The output should be the listing below, limited to the lines from the one with "同学们分批参观了机械臂及机器" through the one with "- Love bold", exact and without pictures.

________________________________________

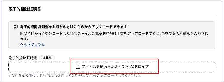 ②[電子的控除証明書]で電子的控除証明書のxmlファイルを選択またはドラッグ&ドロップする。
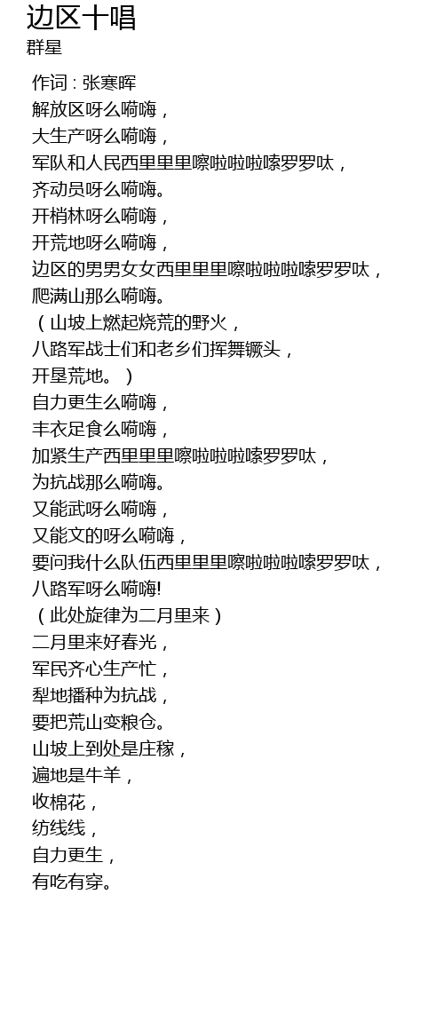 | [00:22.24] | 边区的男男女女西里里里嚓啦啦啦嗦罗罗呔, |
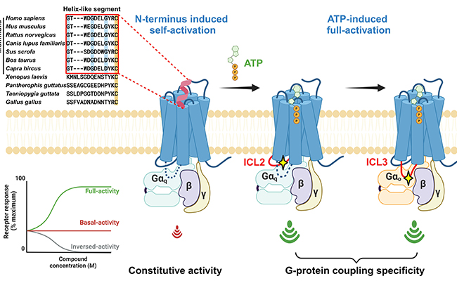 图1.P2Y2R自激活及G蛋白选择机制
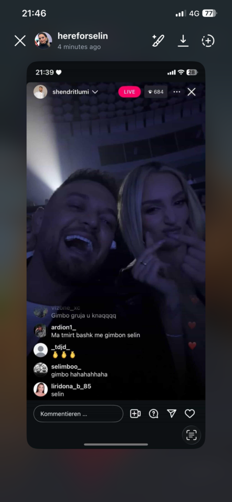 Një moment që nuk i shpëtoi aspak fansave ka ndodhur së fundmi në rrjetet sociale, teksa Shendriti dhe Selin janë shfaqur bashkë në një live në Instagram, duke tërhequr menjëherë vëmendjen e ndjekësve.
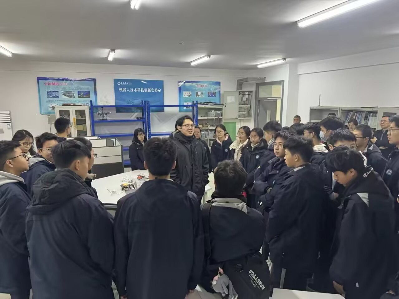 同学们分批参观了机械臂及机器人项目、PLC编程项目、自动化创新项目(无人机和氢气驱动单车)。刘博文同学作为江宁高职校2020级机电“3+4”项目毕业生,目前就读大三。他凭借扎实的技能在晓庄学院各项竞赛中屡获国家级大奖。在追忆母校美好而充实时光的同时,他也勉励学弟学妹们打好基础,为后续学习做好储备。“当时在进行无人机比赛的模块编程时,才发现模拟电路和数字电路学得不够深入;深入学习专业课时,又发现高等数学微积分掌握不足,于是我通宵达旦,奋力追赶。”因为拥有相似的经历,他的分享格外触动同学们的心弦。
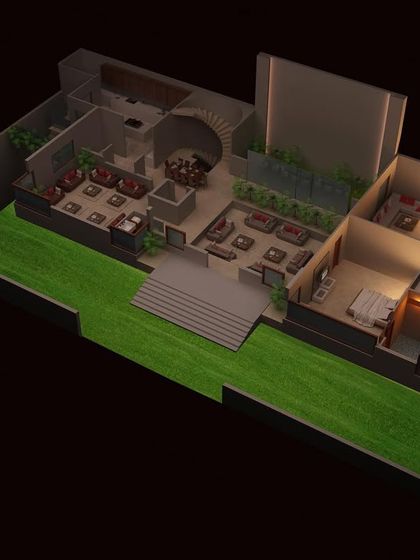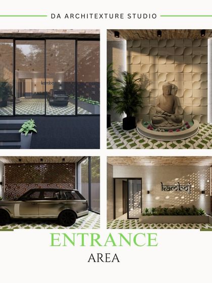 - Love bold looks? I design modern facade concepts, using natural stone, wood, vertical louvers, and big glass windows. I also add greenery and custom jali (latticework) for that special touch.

________________________________________

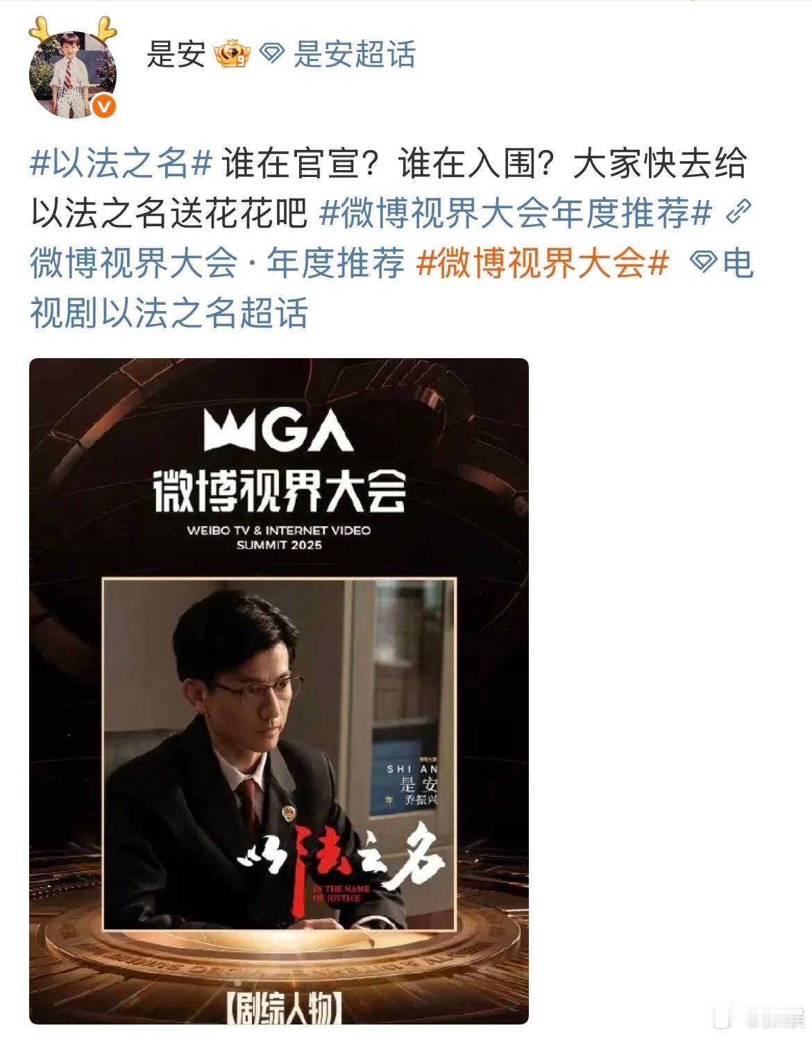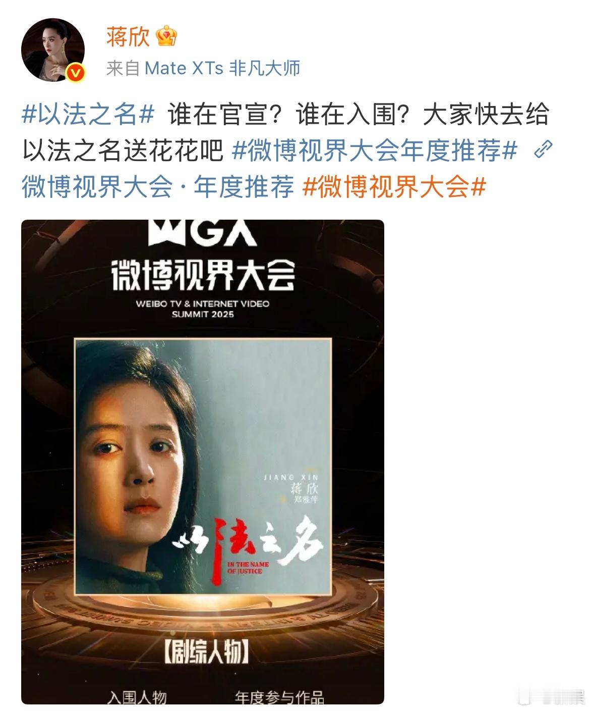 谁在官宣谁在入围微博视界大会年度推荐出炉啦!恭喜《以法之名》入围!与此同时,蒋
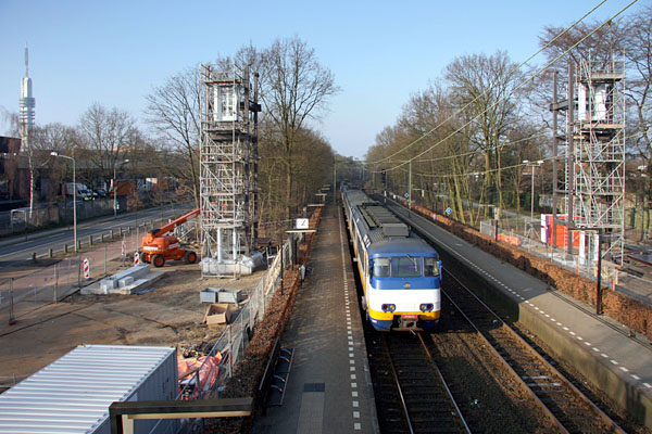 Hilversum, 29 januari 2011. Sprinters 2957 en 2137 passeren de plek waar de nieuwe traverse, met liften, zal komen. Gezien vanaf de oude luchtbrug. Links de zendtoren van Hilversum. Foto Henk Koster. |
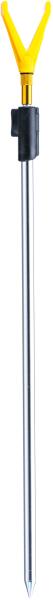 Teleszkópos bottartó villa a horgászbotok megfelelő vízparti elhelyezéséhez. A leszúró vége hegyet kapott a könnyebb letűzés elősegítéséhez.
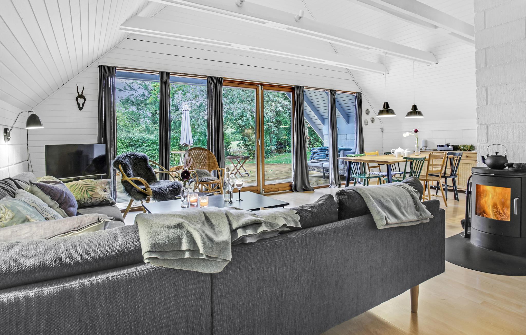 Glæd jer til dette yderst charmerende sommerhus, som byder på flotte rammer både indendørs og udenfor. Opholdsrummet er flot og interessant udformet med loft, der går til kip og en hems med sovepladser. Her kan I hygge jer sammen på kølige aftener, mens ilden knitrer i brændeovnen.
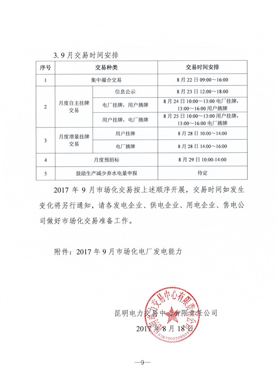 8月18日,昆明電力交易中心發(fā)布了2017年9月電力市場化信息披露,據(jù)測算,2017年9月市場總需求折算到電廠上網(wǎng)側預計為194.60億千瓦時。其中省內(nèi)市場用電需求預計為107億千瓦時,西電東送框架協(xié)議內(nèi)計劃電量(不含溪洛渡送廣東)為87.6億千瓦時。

________________________________________

RESULT —
 同学们分批参观了机械臂及机器人项目、PLC编程项目、自动化创新项目(无人机和氢气驱动单车)。刘博文同学作为江宁高职校2020级机电“3+4”项目毕业生,目前就读大三。他凭借扎实的技能在晓庄学院各项竞赛中屡获国家级大奖。在追忆母校美好而充实时光的同时,他也勉励学弟学妹们打好基础,为后续学习做好储备。“当时在进行无人机比赛的模块编程时,才发现模拟电路和数字电路学得不够深入;深入学习专业课时,又发现高等数学微积分掌握不足,于是我通宵达旦,奋力追赶。”因为拥有相似的经历,他的分享格外触动同学们的心弦。
 - Love bold looks? I design modern facade concepts, using natural stone, wood, vertical louvers, and big glass windows. I also add greenery and custom jali (latticework) for that special touch.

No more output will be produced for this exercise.